● Aim of the task
Once the pictures are removed, reproduce what is left of the data below exactly.

::::::::::

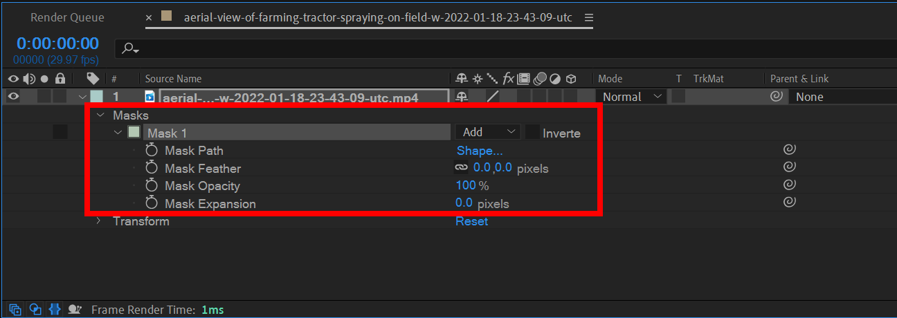 에프터이펙트(after effect)에서 모양(shape)을 마스킹 영역으로 사용하기
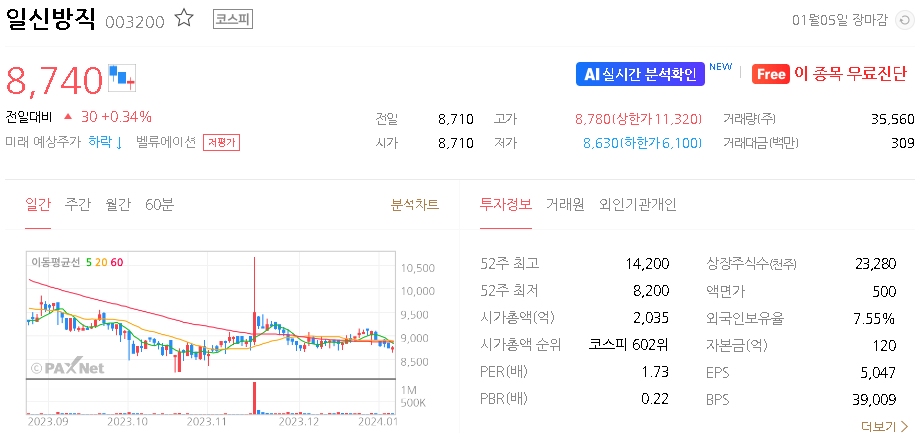 일신방직 가치 분석
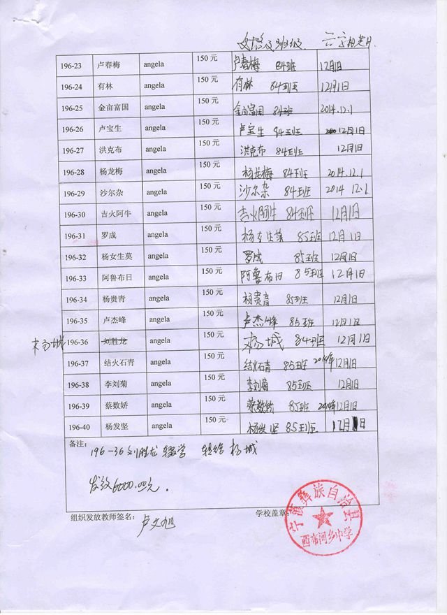 6、全部捐助款到漫步轻灵这里后,她会按学期分次汇给浦理智老师,浦理智老师和学校的负责老师再分发给受助学生(学生每学期收到150元),一一签字确认。知识改变命运,愿这些学生将来不再重复父辈们那艰辛苦难的日子。
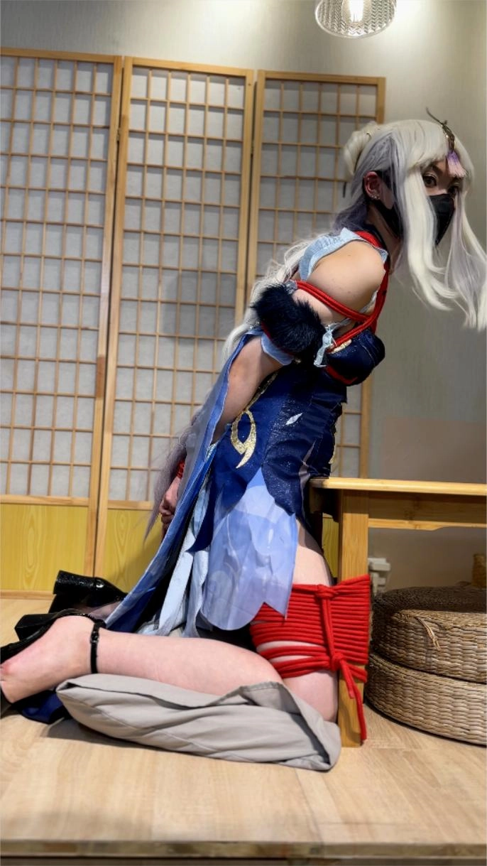 模特泽楼cos凝光进行拘束,胸缚后手缚,然后开腿绑在桌子上打皮鼓,泽楼因为试镜有点放不开,皮鼓打红了都不吭一声,包含束缚过程和放置双视角
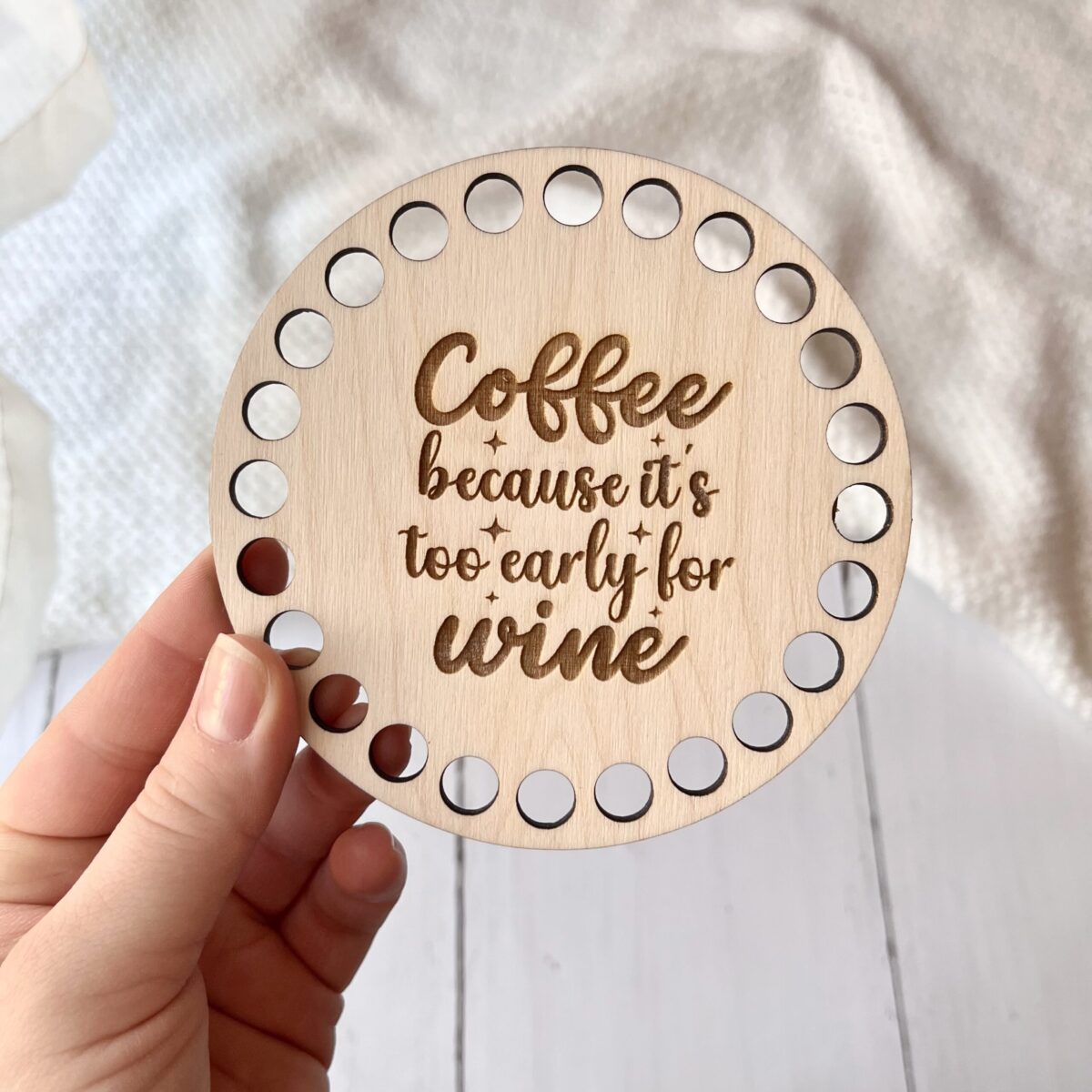 Drewniana podkładka pod kubek to doskonała baza do tworzenia wyjątkowych i funkcjonalnych dekoracji. Dzięki jej prostemu, ale eleganckiemu designowi świetnie sprawdzi się w projektach DIY, takich jak personalizowane prezenty, dekoracje do kuchni czy oryginalne upominki. Dziurki zostały stworzone specjalnie, ale wpleść w nie sznurek lub wykonać fantazyjny szydełkowy wzór.

::::::::::

● Response to the task
 에프터이펙트(after effect)에서 모양(shape)을 마스킹 영역으로 사용하기
 일신방직 가치 분석
 6、全部捐助款到漫步轻灵这里后,她会按学期分次汇给浦理智老师,浦理智老师和学校的负责老师再分发给受助学生(学生每学期收到150元),一一签字确认。知识改变命运,愿这些学生将来不再重复父辈们那艰辛苦难的日子。
 模特泽楼cos凝光进行拘束,胸缚后手缚,然后开腿绑在桌子上打皮鼓,泽楼因为试镜有点放不开,皮鼓打红了都不吭一声,包含束缚过程和放置双视角
 Drewniana podkładka pod kubek to doskonała baza do tworzenia wyjątkowych i funkcjonalnych dekoracji. Dzięki jej prostemu, ale eleganckiemu designowi świetnie sprawdzi się w projektach DIY, takich jak personalizowane prezenty, dekoracje do kuchni czy oryginalne upominki. Dziurki zostały stworzone specjalnie, ale wpleść w nie sznurek lub wykonać fantazyjny szydełkowy wzór.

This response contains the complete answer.